The South32 Ltd (ASX:S32) share price has fallen 4.4% in 2019, offering a good buying opportunity to investors.
Background on South32
South32 was spun out of BHP in 2015 and consists of high quality metal production assets including alumina, aluminium, coal, manganese, nickel, silver, lead and zinc. The company has production assets across Australia, South Africa and in South America.
Why I think South32 is a buy
In its report for the first half of the 2019 financial year, the Aussie miner's underlying earnings per share were up 20% to US12.6 cents per share (AU18 cents). South32 sits on a price-to-earnings (P/E) ratio of 8.89x, a bargain when considering that the current P/E ratio for the ASX 200 is 17.98x.
Additionally, a 10% improvement in the price of one of the main metals that South32 produces could result in a further US$100 million to US$200 million added to the company's underlying earnings before interest and tax, which is an increase of around 10–20%. Considering that metals prices have started improving on trade deal hopes, the prospect of highly accelerated earnings is not out of scope for South 32.
South32 trades on a grossed up dividend yield of 6.5%. This is generous considering that the Reserve Bank of Australia cash rate is just 1%, and provides compensation for risk. In its quarterly report to March, the company reported that net cash had increased to US$726 million (AU$1 billion), so it has plenty of funds to continue paying dividends.
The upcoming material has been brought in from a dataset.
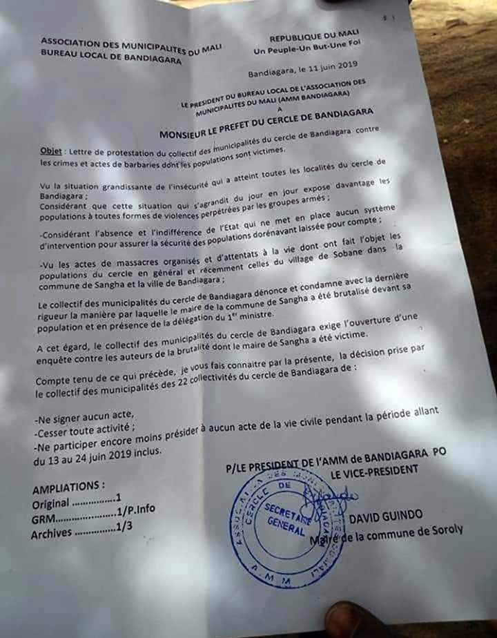 les maires protestent contre la brutalité dont fait l’objet du maire de Sangha lors de la visite du 1 er premier à Sobame da.

In addition, South32 has a share buyback in place, which is set to continue until September 2019. This will provide further support to a higher share price.
In the 2018 financial year, the company had a return on equity (ROE) of 13.5%. This is a healthy figure and is appealing since the company trades on a price-to-book ratio of around 1.1x. When considering the company's latest quarterly and half-year reports, ROE is set to be higher for the 2019 financial year. This will mean a higher ROE for the fourth financial year in a row. Over time, this improved performance should be reflected in the share price.
The company has a debt-to-equity ratio of just 8.7%. This is low, considering the ROE being achieved, and suggests that South32's mines are mostly funded by shareholders. This is a positive situation and suggests that the risks created by fluctuating metal prices are manageable.
South32 has continued to invest part of its growing cash pile into new and existing resources and it has announced positive results from these investments.
Foolish takeaway
South32 has a growing ROE and is set to benefit from recent improvements in metals prices. Additionally, it has low debt and plenty of cash, which the company is returning to shareholders. I think it's a buy.